Step 4 — Add Timestamps and Sort¶
Full breakdown:
| Part | What it does |
|---|---|
jq -cr |
Two flags: -c compact (one result per line, no pretty-printing) + -r raw (output bare strings, not JSON-quoted strings) |
.Records[] |
Iterate over all events |
[.eventTime, .eventName] |
Build an array with just these two fields from each event |
\|@tsv |
Format that two-element array as TSV — elements separated by a tab |
\| sort |
Shell sort — since the first column is ISO 8601 timestamps, alphabetical sort = chronological sort |
Why -r is required for @tsv: Without -r, jq wraps its output in quotes (it's still treating it as a JSON string).
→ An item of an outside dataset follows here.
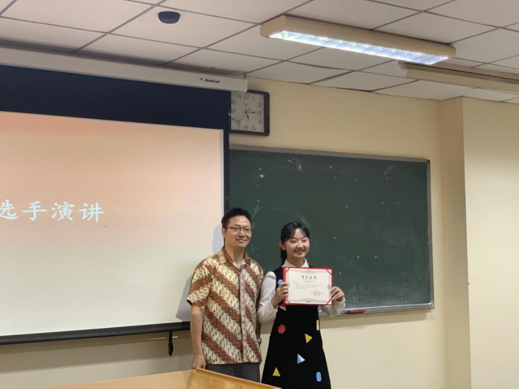 本次演讲比赛顺利举行,获得一等奖的姚佳雨同学则会代表pg娱乐电子游戏官网入口参加由学校举办的“我和我的祖国”演讲比赛,期待她能取得好的成绩。

With -r, you get raw text that sort can work with.
Why @tsv instead of JSON? Two reasons:
1. sort operates on plain text lines — TSV gives you one record per line, sortable by the first column
2. You can paste TSV output directly into Excel — it auto-splits on tabs
Step 5 — Full Context Per Event¶
find . -type f -exec cat {} \; | \
jq -cr '.Records[]|[.eventTime, .sourceIPAddress, .userIdentity.arn, .userIdentity.accountId, .userIdentity.type, .eventName]|@tsv' | sort
What each field tells you:
| Field | Why it matters |
|---|---|
.eventTime |
When the call happened — lets you reconstruct a timeline |
.sourceIPAddress |
Which IP made the call — non-AWS IPs on service roles = red flag |
.userIdentity.arn |
Exact identity — tells you what role or user was used |
.userIdentity.accountId |
Which account the identity belongs to |
.userIdentity.type |
AssumedRole, IAMUser, AWSService, Anonymous |
.eventName |
What action was performed |
Nested field access: .userIdentity.arn works because userIdentity is a JSON object. You chain dot-notation to drill into nested fields.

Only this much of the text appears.